# Light geodesic path

1. Jan 4, 2005

### makc

can't delete post ?

w/e.

i'm trying to follow the path numerically.
in ase of light geodesic, given gij, xi, and very small deltas dxi on step k, what would be dxi on step k+1?

Last edited: Jan 4, 2005
2. Jan 4, 2005

### pervect

Staff Emeritus
You'll need to clarify a bit. It sounds like you are asking for the null geodesics (the paths that light follow) given the metric of space-time (g_ij). However, you need to specify the velocity as well as its position to calculate the geodesic. In this case we know the magnitude of the velocity (because it's a null geodesic) but not its direction.

Furthermore, if you know the coordinates at some particular time, the velocity alone will entirely deterimine the coordinates at some time t+dt for small enough dt - the acceleration will have a very small effect, on the order of dt^2. Thus there isn't any way to answer your question as posed, if I'm understanding it correctly, because while geodesic deviation will cause light beams to "curve", that curvature is equivalent ot an acceleration, and it won't affect the velocity of light (which after all is always equal to 'c' locally).

3. Jan 4, 2005

### makc

(there must be simple iterative solution)

4. Jan 4, 2005

### pervect

Staff Emeritus
If you are looking as strong gravitational fields, you need general relativity, and you'd need an approach

as discussed here on physics forum

to calculate the path of a geodesic.

I'm not clear if that's actually the problem you are attempting to solve, though, your notes on gij suggest to me that there may be some miscommunication going on.

5. Jan 6, 2005

### makc

that is, update Ã (4x4x4x4 elements), calculating 3 g derivatives for each, then raise index, and then... solving full-fledged geodesic ecuation, on EVERY STEP? come on, you are kidding me, don't you? look, for example, Eq5 here for Schwarzschild solution looks far easier thing to do; I'd use it, but the idea is to use arbitrary g_ij. more thoughts, anyone?

Last edited: Jan 6, 2005
6. Jan 6, 2005

### pervect

Staff Emeritus
Huh? What's Ã ? Calculate 3 g derivitaves (what's being differentiated) "for each" (each what?)
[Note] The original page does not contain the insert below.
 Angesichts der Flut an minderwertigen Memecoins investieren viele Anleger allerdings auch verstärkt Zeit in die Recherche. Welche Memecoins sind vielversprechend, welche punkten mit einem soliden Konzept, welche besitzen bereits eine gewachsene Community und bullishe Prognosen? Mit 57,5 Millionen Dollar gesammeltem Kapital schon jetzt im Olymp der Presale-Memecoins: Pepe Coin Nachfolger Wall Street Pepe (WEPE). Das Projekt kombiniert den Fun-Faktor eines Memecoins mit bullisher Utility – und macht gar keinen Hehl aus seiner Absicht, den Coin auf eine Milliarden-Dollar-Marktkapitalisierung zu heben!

It does look like you are interested in geodesic motion, at least.

For the Schwarzschild metric, it turns out that there are two conserved quantities, something that looks like energy, and something that looks like angular momentum. These exist because of the symmetries (Killing vectors) in the Schwarzschild metric. If you have a totally arbitrary g_ij where the g_ij are functions of time, you won't have ANY Killing vectors, and no conserved quantities. If the g_ij are constant (not functions of time) you should have a timelike Killing vector which will give you one conserved quantity. Helpful, but you'll only be able to reduce the problem to a two dimensonal one (not counting time), with the two conserved quantities in the Schwarzschild metric, you can reduce the problem to a 1-d problem (not counting time).

7. Jan 6, 2005

### makc

Sorry, in my code page that was
+--
|
|
that is, capital gamma.

I still think one can get away with g_ij.
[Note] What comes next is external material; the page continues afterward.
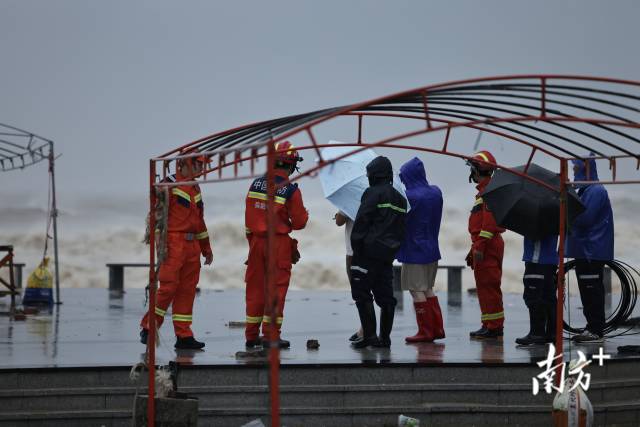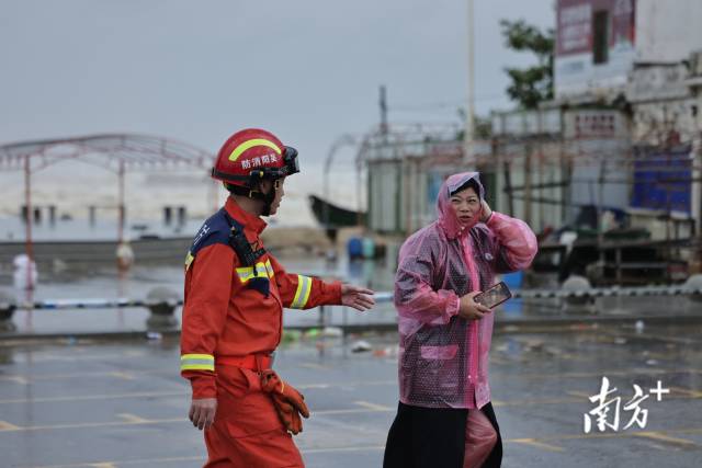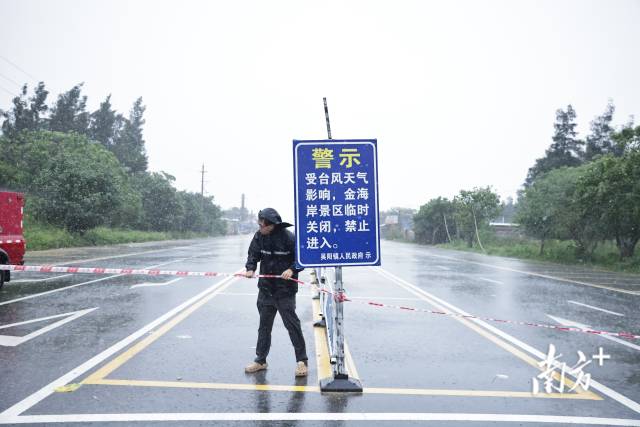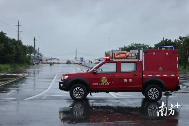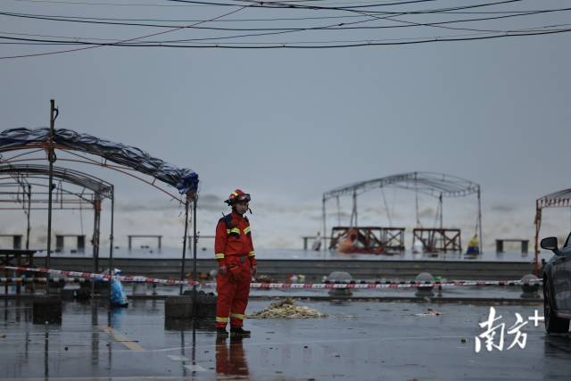 记者在湛江市吴阳镇金海岸海边看到,受台风外围环流影响,海面已掀起约五米高的巨浪。消防员与相关工作人员正在对沿海警戒区域进行封闭,并对沿线设施实行关停管理,同时劝导靠近海边的群众尽快撤离。消防人员提醒,台风天气海况恶劣,请市民不要外出观海,注意安全。

Consider ardbitrary 2D space with g_ij=0 for i!=j. For null geodesics, we have:
0 = g_x(x, t) * dx^2 - g_t(x, t) * dt^2.

Then, we just set delta_t = 0.00...01, starting point x, t, and direction
a=+1 or -1. Geodesic then done like this:

delta_x = a * sqrt( g_t(x, t)/g_x(x, t) ) * delta_t
x_new = x + delta_x
t_new = t + delta_t

now, that can't be MUCH harder just because we add a couple of dimensions, can it?

8. Jan 6, 2005

### pervect

Staff Emeritus
You probably won't have g_ij diagonal at any point in space time for the arbitrary case you are describing. But you could make it diagonal (or even better yet, a unit diagonal) with a linear change of variables. With such a change in variables, goedesics become straight lines in the transformed coordinate system, but only for a small region of space-time. You'd have to basically do a matrix inversion to find the required linear change of variables at a specific point, and as you travel along the geodesic you compute, you'd have to periodically recompute the transformation matrix to continue extending the line when you've moved far enough that g_ij gets too far away from being diagonal.

9. Jan 6, 2005

### makc

diagonality is not important, it just shows how simple things could be.
for 2D ex-e above, arbitrary:
ds^2=0=g_xx*dx^2-g_tt*dt^2+2*g_xt*dxdt
once g_ij and dt are known, we only have to find dx, which is as simple as ax^2+bx+c=0.
the key thing here is a number of free variables (which is 1 - delta_x). in 2D, light has no option to turn. in 3D, we already have light cone. so, the thing that escapes me, the thind I am missing here, the thing I am asking about - relation between dx, dy, and dz (back to 4D). what makes photon follow one path and not another? the reason should be the same reason which makes general geodesic equation you referred to. what is it?